Abaixo, faremos uma análise das produções de texto e dos mapas mentais. Os

alunos evidenciam nos seus textos a presença de interlocutores, mostram a relação

afetiva com o rio, a sua importância econômica, os seus problemas ambientais e

aspectos afetivos que mantém com o lugar.

Texto Escrito 1:

Aluno: Anderson, 14 anos.

Mapa Mental 1:

Aluna: Juliane, 12 anos

Texto Escrito 2:

Aluna: Michele, 13 anos

Na análise em questão devemos considerar:

a) Oralidade: traz à tona as percepções individuais, as experiências que o

aluno adquire da vida. A oralidade é uma prática de interação, por meio dela,

vimos a presença do dialogismo bakhtiniano e as relações afetivas que os alunos

constroem com o lugar;

b) Relação de gênero: havendo percepções diferenciadas entre os alunos;

c) Os problemas ambientais que aumentam: o lixo, a garimpagem de ouro, a

pesca predatória, entre outros aspectos;

d) Modo de vida dos moradores de suas comunidades que dependem da

pesca, além do lugar de lazer: as praias que aparecem durante a época da

vazante.

Nesse contexto social, nos deparamos com os significados atribuídos pelos

alunos em relação ao rio Madeira. Ter a oportunidade de registrar essas percepções nos

leva a compreender mais a realidade dos alunos que residem em áreas ribeirinhas na

Amazônia.

Os alunos enfatizam nos seus textos e mapas os lugares, o modo de vida,

elementos geográficos, o vocabulário utilizado, evidenciando as marcas da subjetividade.

E é nesse dialogismo que os alunos mostram suas percepções e subjetividades.
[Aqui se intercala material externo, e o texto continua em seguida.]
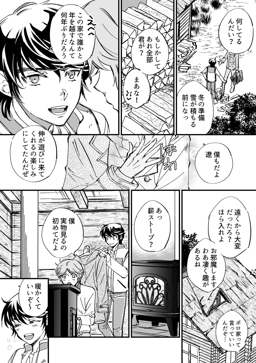 水赤雰囲気漫画。普段より2割増し遼を可愛らしく伸をやさし気に描いてみました…誰だお前。青緑のリターンが貰えるといいな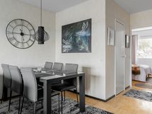 - Keittiön varusteet: Jääkaappipakastin, erillisuuni, liesi, liesituuletin ja astianpesukone. Liesi: Keraaminen liesi. Työtason materiaali: Laminaatti. 2021 uusittu, integroiduilla kodinkoneilla varusteltu keittiö.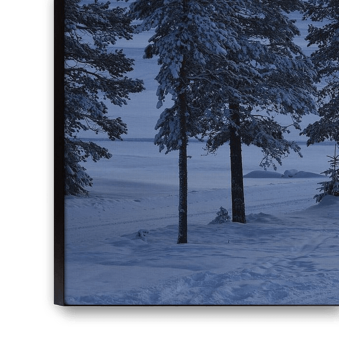 Buy the photo Sunset in snowy landscape by M M on canvas, ArtFrame, poster and wallpaper, printed on demand in high quality.
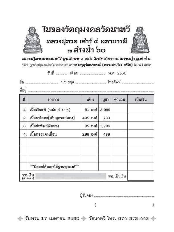 รายชื่อศูนย์จอง หลวงพ่อทวด เลขใต้ฐาน "เสาร์๕" วัดนาทวี จังหวัดสงขลา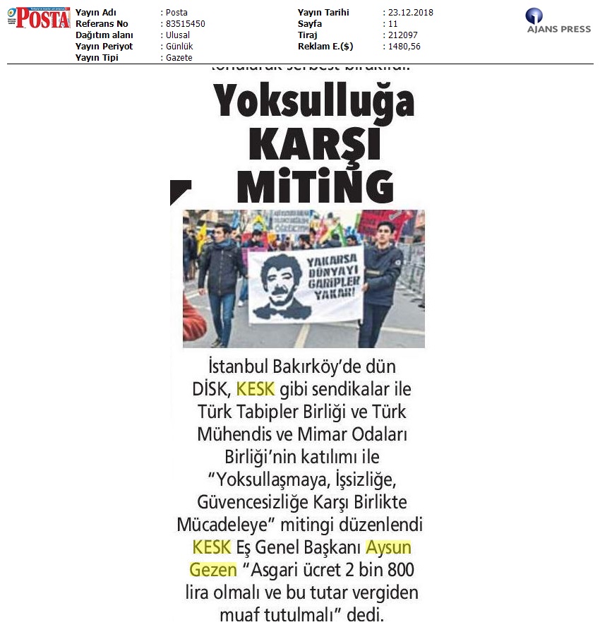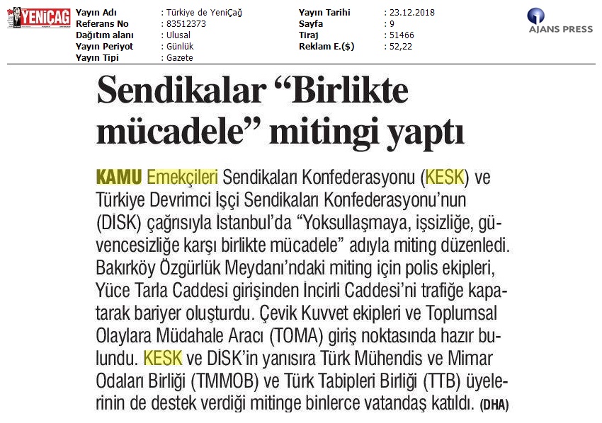 23 Aralık 2018 Yazılı Basında 22 Aralık İstanbul Bölge Mitingi https://www.youtube.com/playlist?list=PL7t6Ad78bKdwTZU52eibHg6mhNKv8pRfd # BASINDA KESK # MANŞET https://www.youtube.com/playlist?list=PL7t6Ad78bKdwTZU52eibHg6mhNKv8pRfd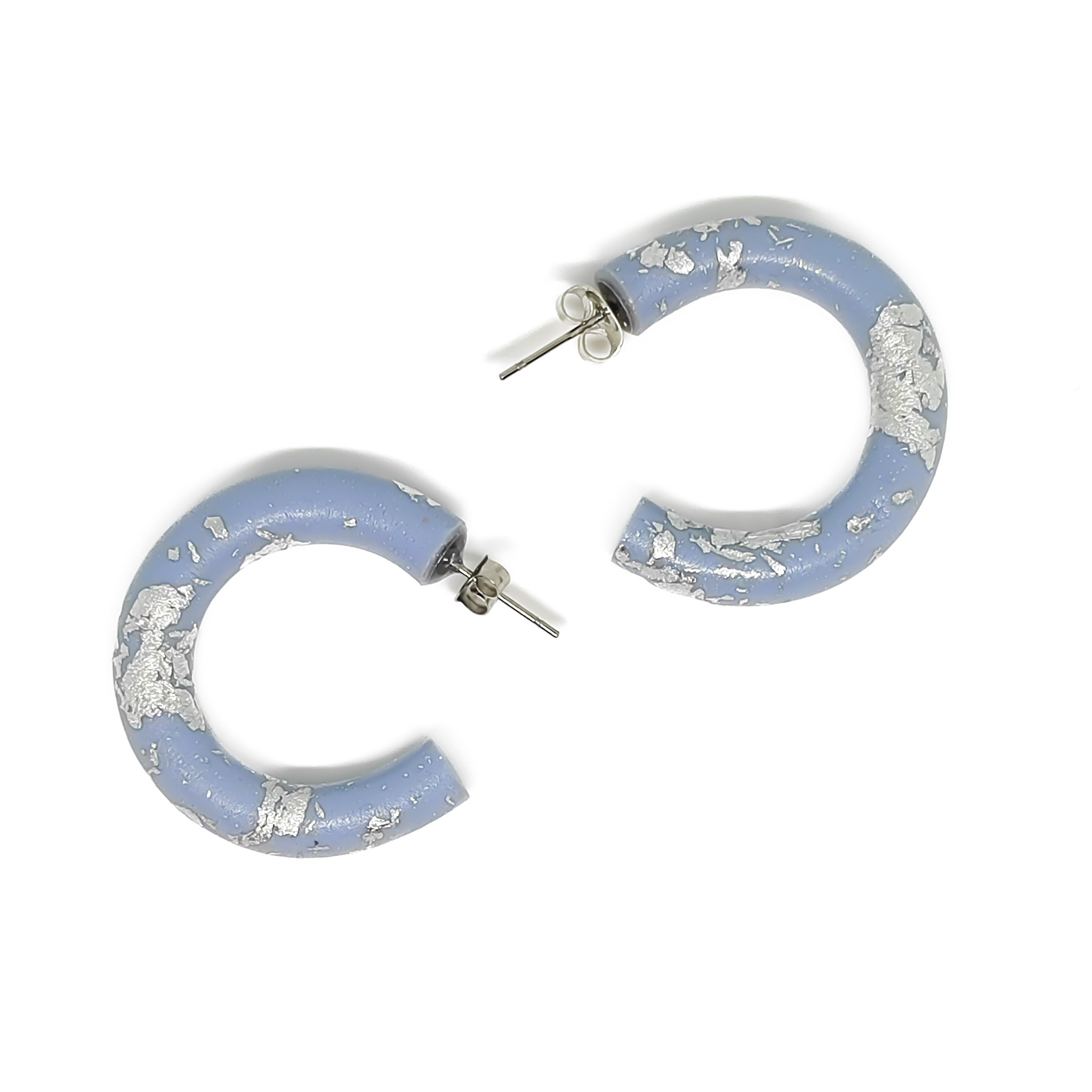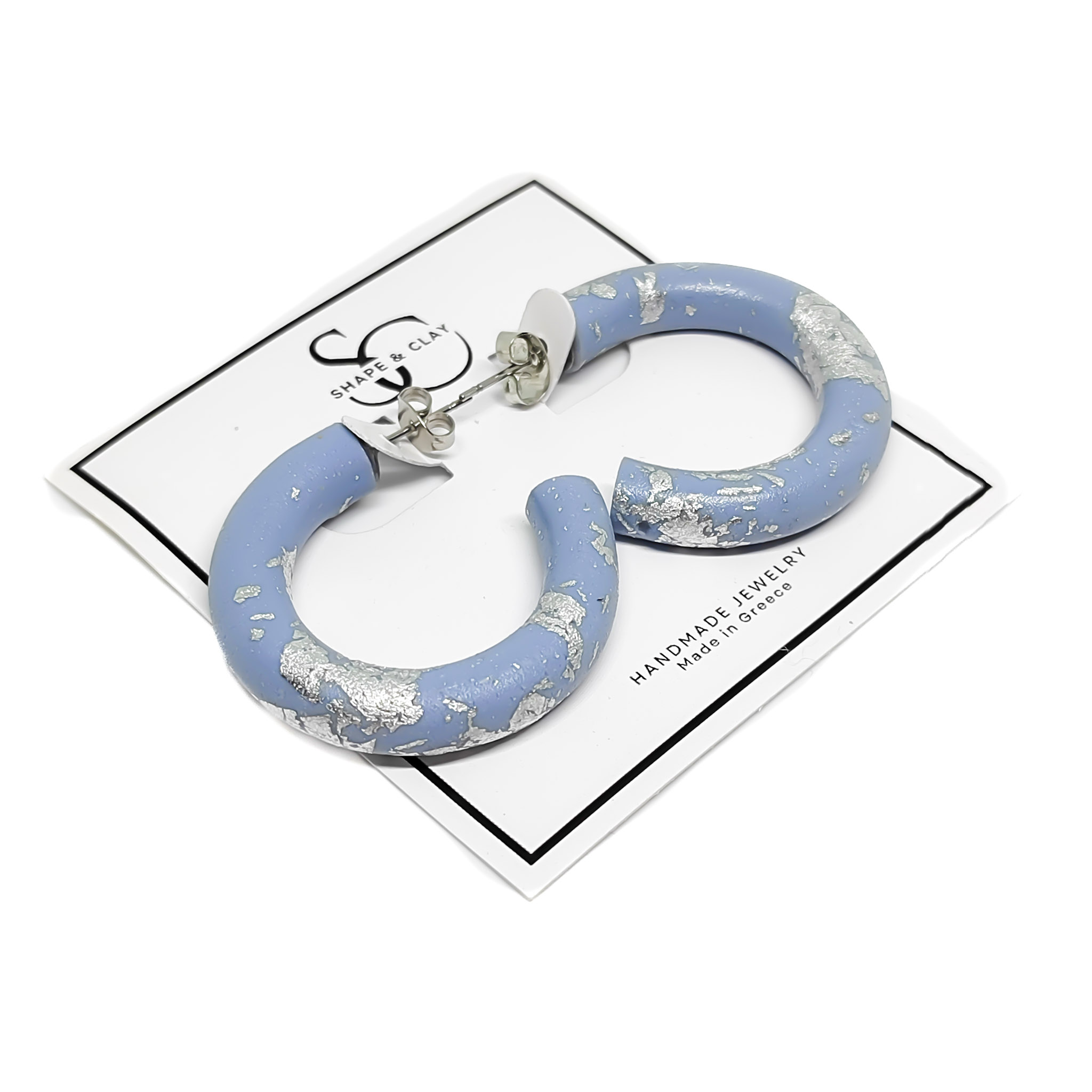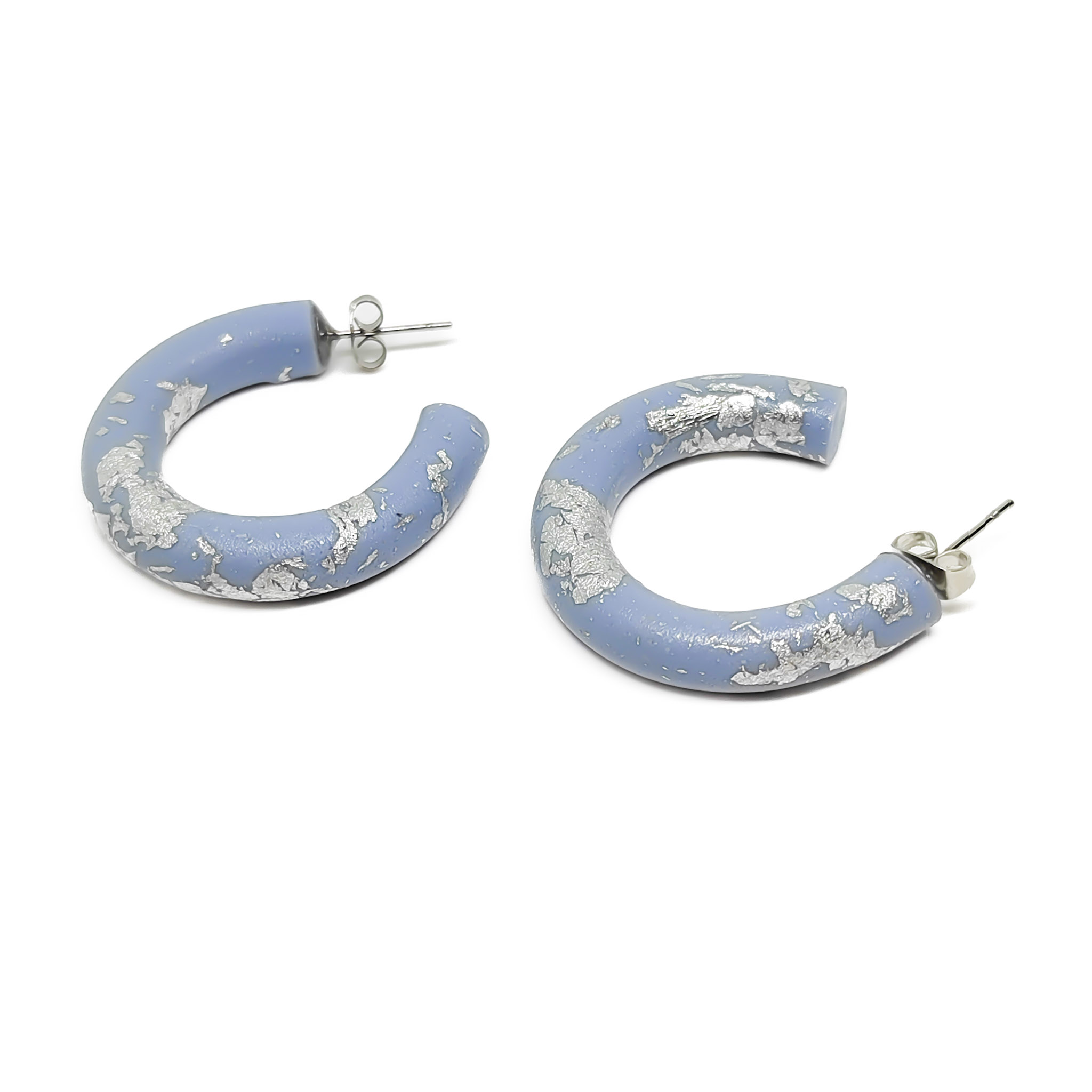 Χειροποίητα σκουλαρίκια κρίκοι από πολυμερικό πηλό σε χρώμα indigo με ασημένια φύλλα. Τα καρφάκια είναι ατσάλινα και είναι βερνικωμένα με gloss βερνίκι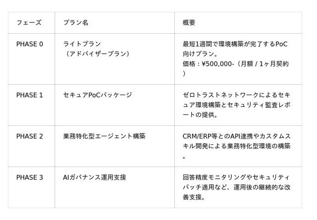本サービスでは、環境構築からセキュリティ対策、運用支援までをワンストップで提供し、企業の安全なAIエージェント導入を強力にサポートします。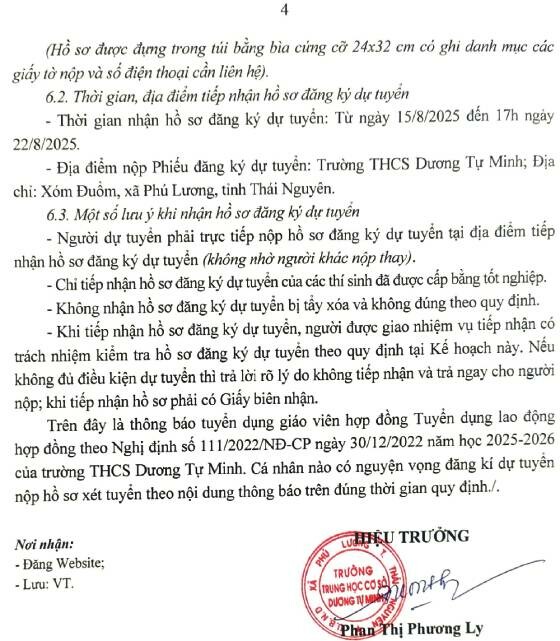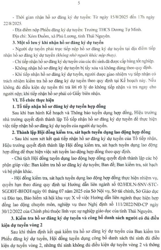 + Thời gian tiếp nhận hồ sơ đăng ký dự tuyển: Từ 8h00 ngày 20 tháng 8 năm 2025 đến 17h ngày 27 tháng 8 năm 2025, nhận Hồ sơ trong giờ hành chính ngày làm việc.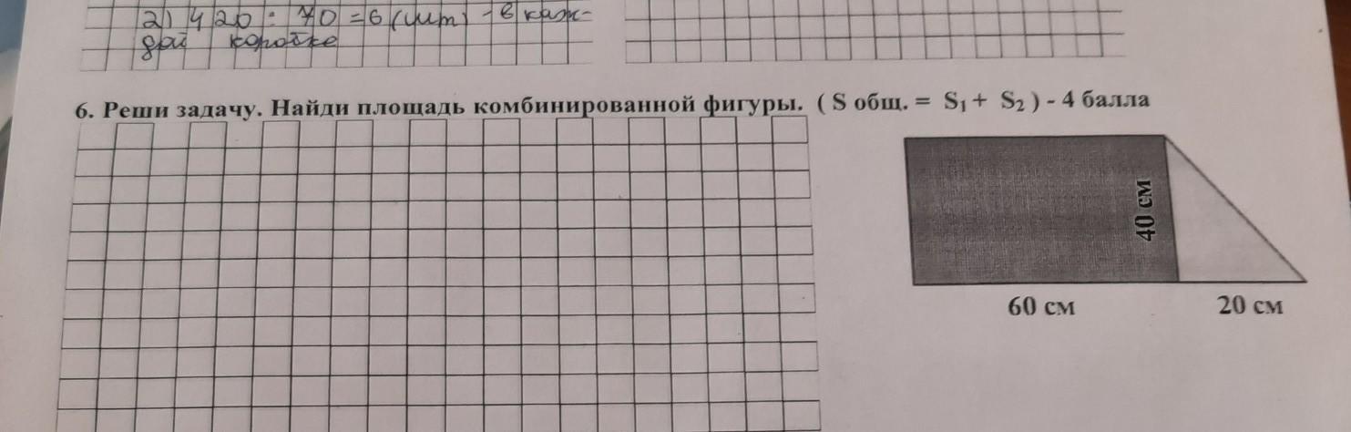 6. Реши задачу. Найди площадь комбинированной фигуры. (S общ. = S + S2 ) - 4 балла 40 см 60 см 20 см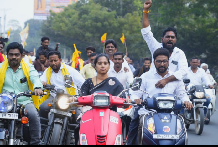 గుంటూరు నగర అభివృద్ధిలో కీలకమైన ఇన్నర్ రింగ్ రోడ్డు 3వ దశ శంకుస్థాపన కార్యక్రమానికి గుంటూరు పశ్చిమ నియోజకవర్గ ఎమ్మెల్యే శ్రీమతి గళ్ళా మాధవి గారు నియోజకవర్గ టీడీపీ కార్యాలయం నుండి భారీ బైక్ ర్యాలీతో పాల్గొన్నారు. ఈ కార్యక్రమంలో పార్టీ నాయకులు, కార్యకర్తలు, అభిమానులు పెద్ద సంఖ్యలో పాల్గొని ర్యాలీని విజయవంతం చేశారు.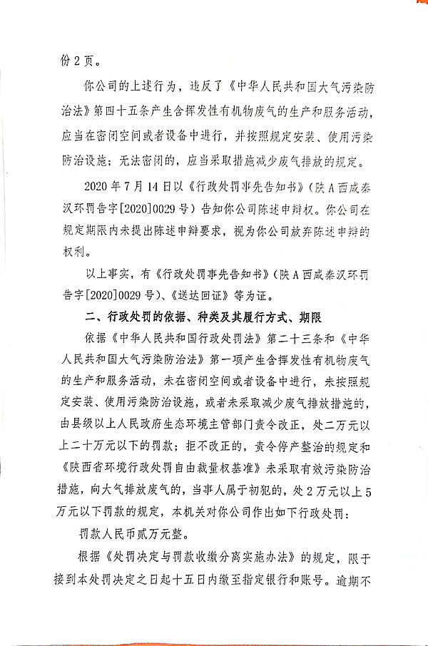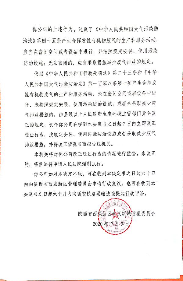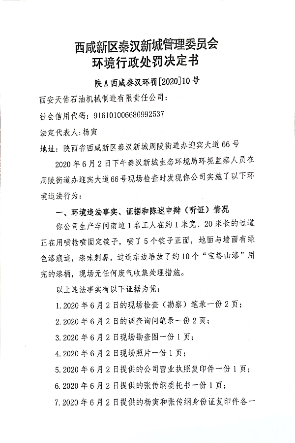 西安天佑石油机械制造有限责任公司责令改正环境违法行为决定书和环境行政处罚决定书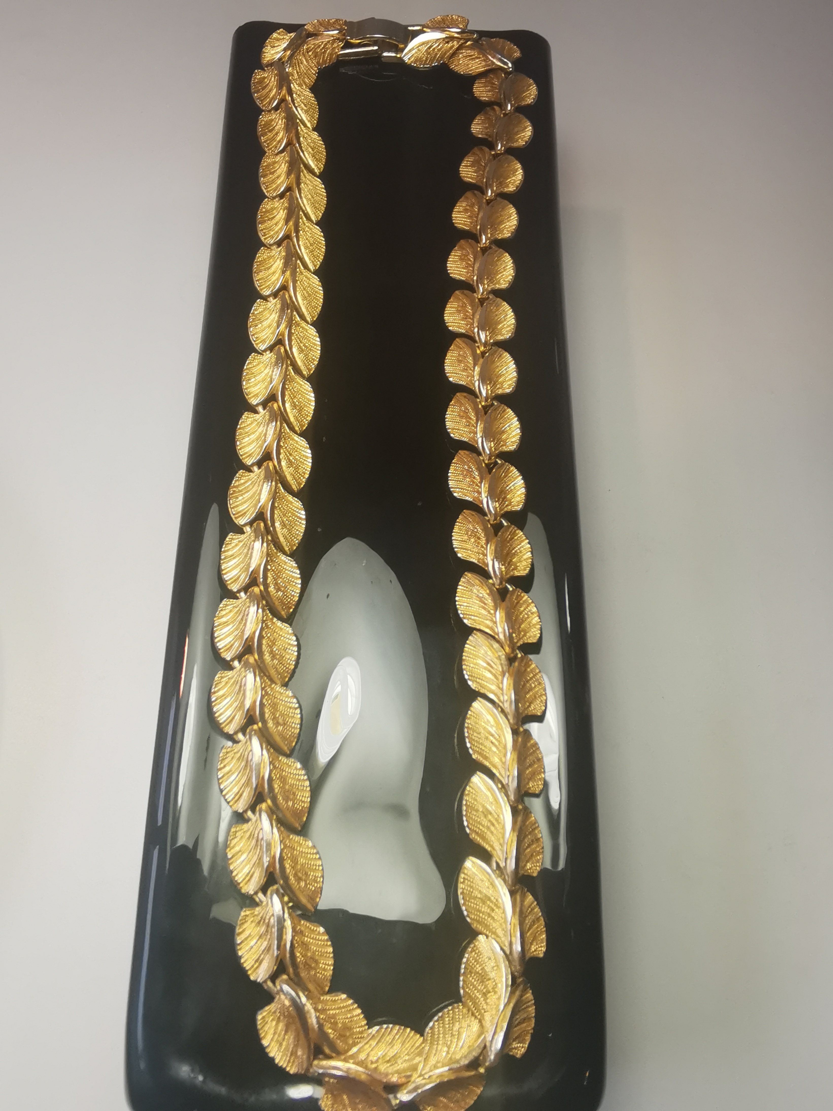 1960 Gold Tone Leaf Link Necklace 16.5" Choker 13mm Wide

Para Amaral (2007, p. 301): “a memória discursiva e o imaginário social se

fazem presentes, transformando-se em discurso heterogêneo, conforme o dialogismo

bakhtiniano: é no discurso do outro que o sujeito se constitui”. O rio é marcadamente

presente nos textos. Através das produções escritas vimos as percepções significativas

para os alunos de áreas ribeirinhas.

6 Considerações Finais

As atividades desenvolvidas em sala, mediante a realização do Projeto Fluviário-

Mirim e através das escolas municipalizadas Domingos Sávio e Antonio Augusto

Vasconcelos, oportunizaram pensar sobre a importância dos estudos de percepção na

disciplina de Geografia nas séries iniciais, levando em consideração a diversidade

sociocultural encontrada.

Sem dúvida, o trabalho do professor de Geografia, como de outras áreas, é

fundamental na construção de uma escola engajada com a realidade sociocultural do

aluno, ainda mais no contexto da Amazônia com toda a sua complexidade e desafios.

O texto acima chama atenção para a importância de se trabalhar com temas

significativos à experiência dos alunos, dessa forma, se rompe o silêncio social,

individual, tornando possível o encontro com o outro, o dialogismo defendido por

Bakhtin.

Pelo que se observa, a leitura do mundo (vivência dos alunos na Amazônia), a

utilização de mapas mentais e as produções escritas estão dinamicamente juntas porque

o ensino de Geografia deve partir de temas significativos à experiência dos alunos e do

seu espaço vivido.

Diante de nossas afirmações, conclui-se que os estudos da percepção se tornam

fundamentais no sentido de se entender o mundo vivido dos alunos, as relações

estabelecidas com o lugar, com a natureza.